When Dave and I strolled in from our ride to Corpus Christi, the sweat coursing through my riding suit, gloves, boots, and helmet was easily 15-hours strong.
I was even smelling myself.
It wasn’t unpleasant. And it’s not as if it was constant. A sour-smelling whiff occasionally crossed my nose. Certainly, my stench did not warrant calling a hazmat team.
And then one of the partygoers at Dave’s house lifted my helmet. About six inches from trying it on, he stopped. His nose crinkled, and a gasp of disgust escaped his mouth.
I knew it was ripe. Heck, an all-day ride in **clean** gear would make for a smelly rider. But maybe going four months without washing my gear is ill advised.
Dave was quick to say that a weekly washing is stretching it in Texas, especially with all the sweating we do inside these suits.
Still, who thinks putting another person’s helmet to his face is a good idea? I know it’s going to stink. You should know that, too! A used helmet is as intimate with my body as used underwear are! You don’t go wearing my used underwear, do you? Do you?
Today, I’m washing my gear. I chose a laundry soap from REI that is new to me. It promises to clean and remove all odors without degrading breathability and water-repellency. Not that the jacket breathes all that well in the sweltering heat of Texas. Nor does it keep the rain out when the sky does that trick with the wet stuff.

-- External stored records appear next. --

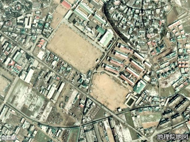 その後市道神原町草江線に直交する経路のみが残され、反対側にも中央高校の敷地となる長方形領域が確保されたとき、校内を横切る斜めのあぜ道は抹消されたようである。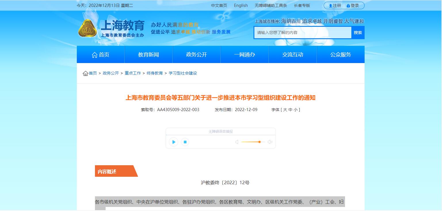 近日,上海市教育委員會等五部門發(fā)布《關于進一步推進本市學習型組織建設工作的通知》,明確將整合各類終身教育優(yōu)質(zhì)資源,在線提供精準推薦和預約配送,鼓勵各類學習型組織發(fā)揮自身優(yōu)勢建設學習資源,形成資源的共建......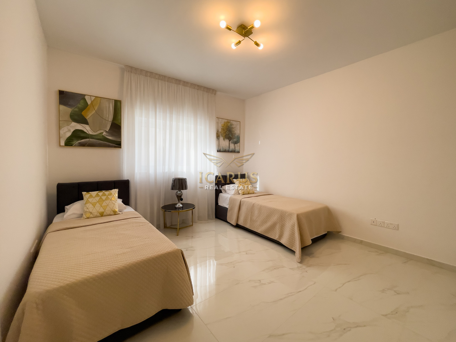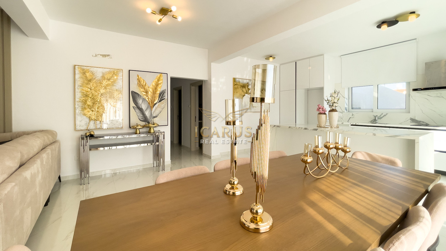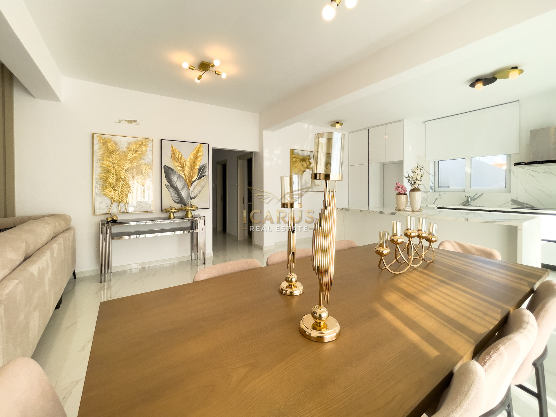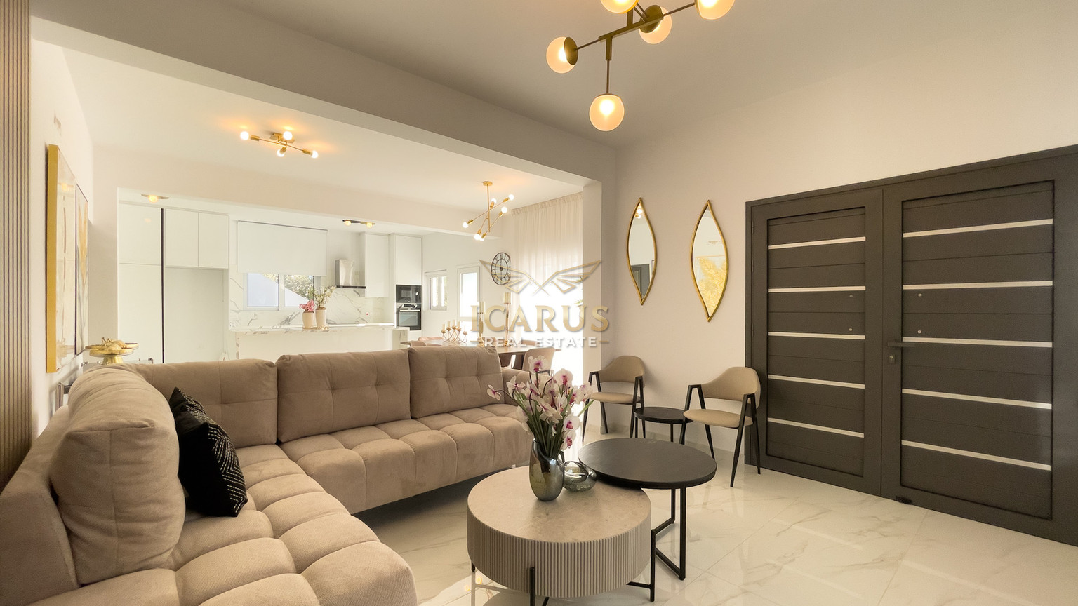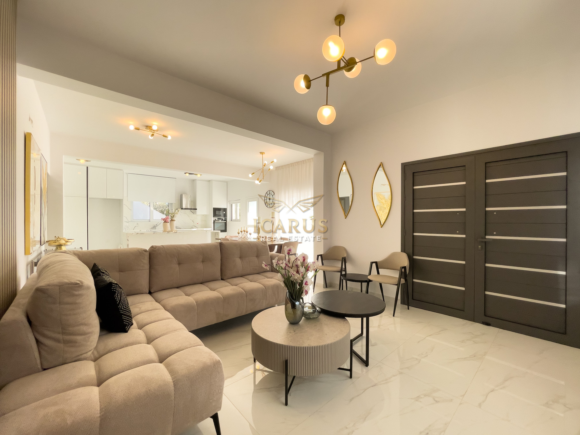 This beautifully designed ground floor house offers comfort, space, and modern living just minutes from the heart of Paralimni. Featuring an open-plan layout, it includes a spacious living area, a modern kitchen with an island and ample counter space, and a dining area perfect for family gatherings.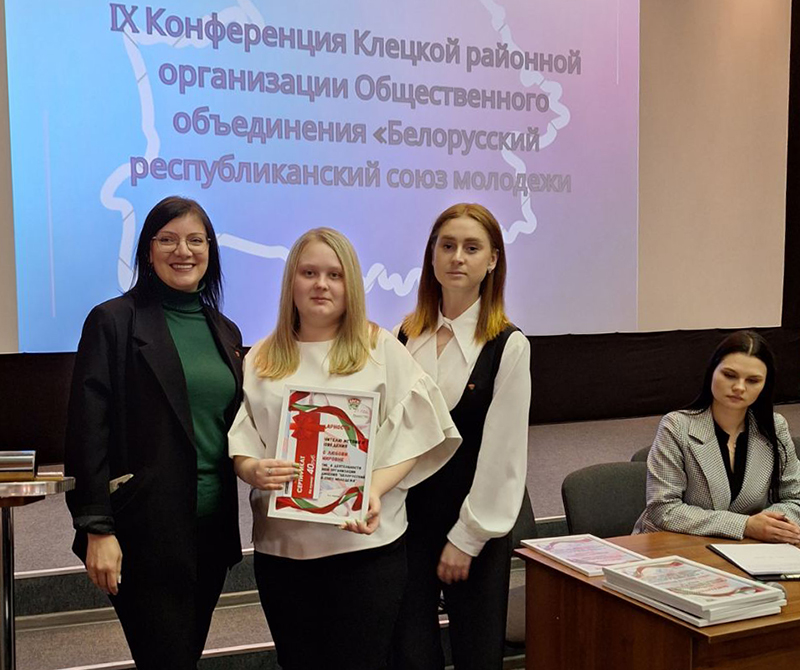 Приятной частью конференции стало награждение. Активистам районной организации объявили Благодарность Клецкой РО ОО «БРСМ» и вручили сертификаты. На сцену выходили Дарья Калейник, ведущий юрисконсульт ОАО «Гамма вкуса», Мария Курлович, заместитель директора по воспитательной работе Заостровечской СШ, Любовь Ромашко, учитель истории и обществоведения Грицевичской СШ, Вероника Салихова, инженер-технолог Клецкого ППЗ, Анастасия Сидорович, заместитель директора по воспитательной работе гимназии г.Клецка, Елена Тимовец, главный специалист отдела идеологической работы, культуры и по делам молодежи Клецкого райисполкома, Виолетта Шейко, учитель физической культуры и здоровья Клецкой СШ №3, Елизавета Ярошевич, учитель английского языка Рассветовской СШ. Удостоена награды была также самая активная семья Кристины и Бориса Милишкевич.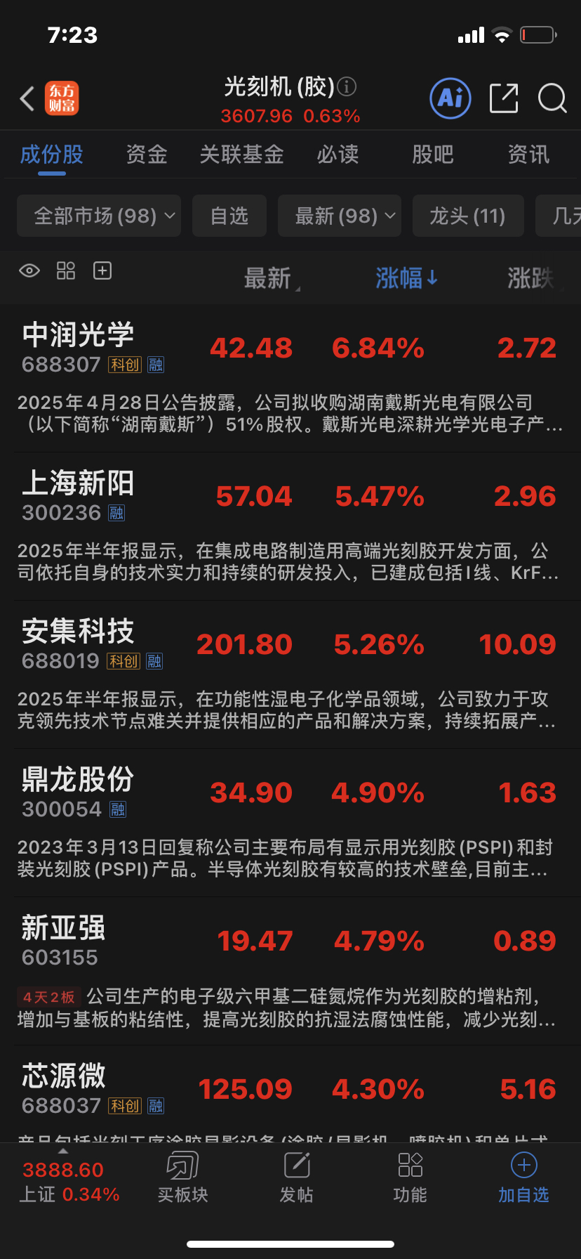 你们都看看光刻胶都是什么价位,反正我是冲着光刻胶来的,你们随便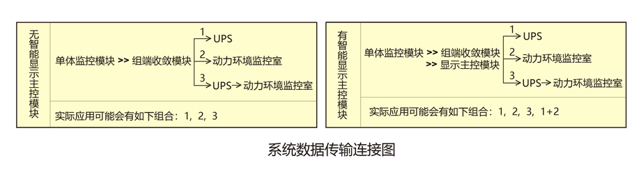 ● 系統數(shù)據傳輸方式靈(ling)活, 監控數據傳(chuán)送可滿足任何(he)機房各種傳輸(shu)、對接需求具體(tǐ)方式如圖: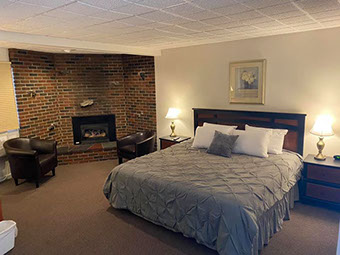 Single rooms with queen bed, Doubles with queen or full bed, Jacuzzi & fireplace suites

Washing the gear is a chore, and this may be why I wait great lengths of time between washings. As ridiculous as it sounds, the jacket, pants, gloves, and helmet liner are all too delicate for the washing machine. Yes, a washing machine is too much for the gear that are meant to protect me in a nasty road crash. Go figure!
If you’d like to try on my helmet, it’ll be dry — and nice smelling — in the morning. The underwear are in the hamper — no promises on the smell.